Today illegal money laundering activities account for 2-5% of the global GDP, ranging between US$800 billion and US$2 trillion, according to the United Nations (UN). To fight the global battle against money-laundering, governments and regulatory bodies have been introducing increasingly stringent anti-money laundering (AML) regulations. According to a new forecast report from WealtInsight, global AML spending grew from US$3.6 billion in 2008 to US$5.3 billion in 2012, at a compound annual growth rate (CAGR) of 10.18%. This trend is set to continue to reach US$8.2 billion in 2017.

Recent developments in global AML regulation include the launch of new FATF money laundering recommendations in 2012; the Foreign Account Tax Compliance Act (FATCA) in the US; and proposals for the Fourth Money Laundering Directive by the European Commission (EC) in 2013. These initiatives are intended to strengthen the global AML regulatory environment and increase pressure on financial institutions to comply.

Failure to comply with these new standards could damage companies’ finances and reputations. A number of financial institutions such as UBS, HSBC, Axis Bank and HDFC were prosecuted by regulatory authorities after instances of money laundering activities were found. As a result, WealthInsight predicts that spending on operational compliance (such as training employees, analysing customer data and reporting to authorities) is expected to grow from US$4.4 billion in 2013 to US$6.2 billion in 2017, at a CAGR of 8.89%. Technology spending is expected to grow from US$1.4 billion in 2013 to US$2.0 billion in 2017, at a CAGR of 8.78%.

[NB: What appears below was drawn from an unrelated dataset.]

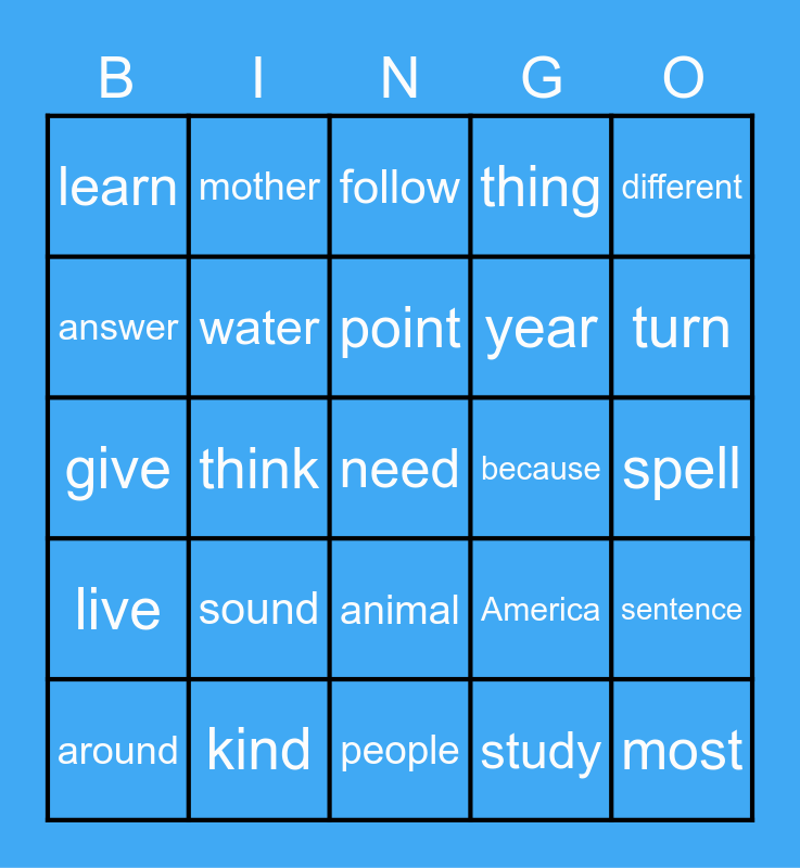 This bingo card has 1 images and 41 words: over, point, found, sound, study, sentence, need, world, follow, animal, spell, turn, think, different, house, America, through, give, picture, mother, answer, great, most, learn, should, three, year, home, before, know, same, live, water, people, again, around, kind, because, another, letters and thing.

While AML compliance in North America and Europe is highly developed, it is yet to reach these standards in a number of emerging economies in the Asia-Pacific, Middle East and Latin America. Many countries in these regions have formulated AML regulations in the past, but effective enforcement by local regulators has been the key challenge. However, governments and regulatory bodies in these nations have demonstrated their interest in bringing their AML compliance in line with international standards.